An example cloud apps security notification:
The notification displayed by an Azure AD conditional access policy is not as user friendly as a Cloud Apps Security access policy, however selecting more details does provide additional troubleshooting information which may be beneficial for the service desk:
Prior to enalbing the Cloud Apps Security access policy, an Azure AD ‘conditional access’ policy must be deployed to re-route requests to Cloud Apps Security.
Create a new Azure AD conditional access policy with the following configuration:
User and groups configured to include who should be affected by this policy. As a best practice include break glass account(s) into the exclude list
Cloud apps or actions includes ‘All cloud Apps’
Conditions has no configuration settings enabled
Grant has no configuration settings enabled
Session must have ‘Use Conditional Access App Control’ enabled and configured as ‘Use custom policy’

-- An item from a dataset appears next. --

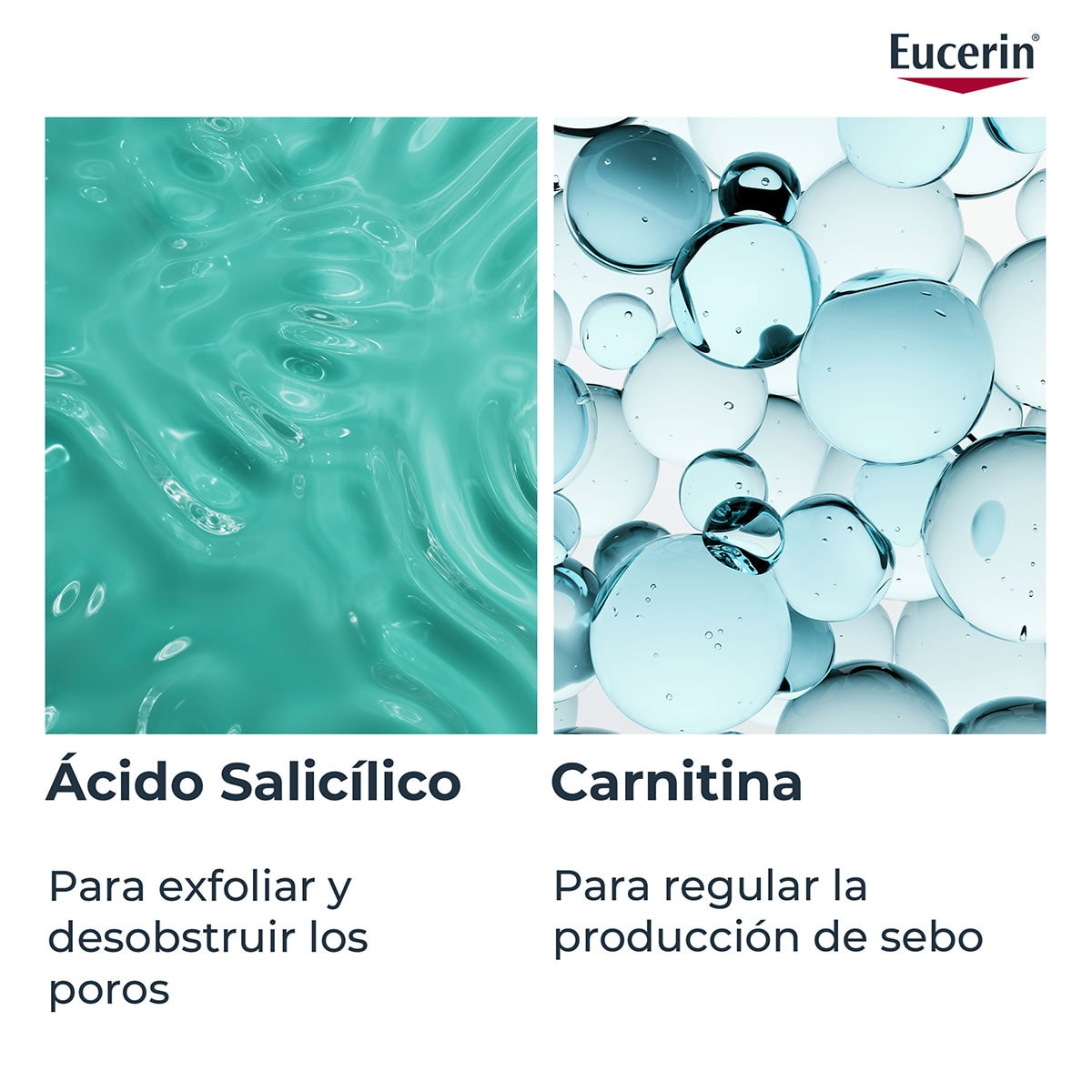 Ácido salicílico (exfoliante y ayuda a desobstruir poros) y L-Carnitina (regula la producción de sebo)

When custom policy is enabled, the following message is displayed:
‘Custom policies need to be configured in Cloud App Security portal. This control works instantly for featured apps and can be self onboarded for any app. Click here to learn more about both scenarios.'
Prior to the creation of the access policy, ensure the application whose access you wish to control is displayed under ‘Conditional Access App Control apps’ from ‘Connected Apps’. To do this, perform the following steps:
Sign into https://portal.cloudappsecurity.com
Expand Investigate, select Connected apps, and then Conditional Access App Control apps.
A list of connected apps is displayed. E.g. Office 365 General, Microsoft SharePoint Online - General, or Microsoft Teams - General.
If no applications are displayed or an application you wish to control via a Cloud Apps Security policy, then proceed with the next step. If the application you wish to control is displayed then you may continue to deploy the access policy.
Ensure the Azure AD conditional access policy is enabled and targeting the account you will used to perform the next steps.
a. Open a web browser and sign into https://outlook.office.com
b. Repeat the above step for other applicatiosn you wish to control, for example, https://teams.microsoft.com
c. Repeat steps 1 though 2 and ensure the Microsoft applications you signed into during steps 3(a) through 3 (b) are showing under Conditional Access App Control apps. Once showing they may be configured as part of the access controls.
From the Cloud Apps Security portal, expand Control, and then Policies
Click on the Create policy drop down, then select Access policy
Configure the following settings:
a. Policy name: Custom - Block Desktop Apps - Non Intune Compliant
b. Policy severity: Low severity
c. Category: Access control
d. Description: MCAS policy blocking Offie 365 desktop applications when opened from a non-Intune compliant PC or other device.
e. Activities matching all of the following
'Device tag' does not equal 'Intune compliant' 'App' equals 'Microsoft Online Services' 'Client app' equals 'Mobile and desktop' 'Device Type' equals 'PC, Other' *note: If required the rule can be further scoped to specific users or groups.*
f. Actions: Block, and select Customize block message
"You are attempting to access Office 365 from a desktop PC that does not meet your organisation's compliance requirements."
g. Enable ‘Create an alert for each matching event with the policy severity’. This will enable you to review alerts generated by this policy.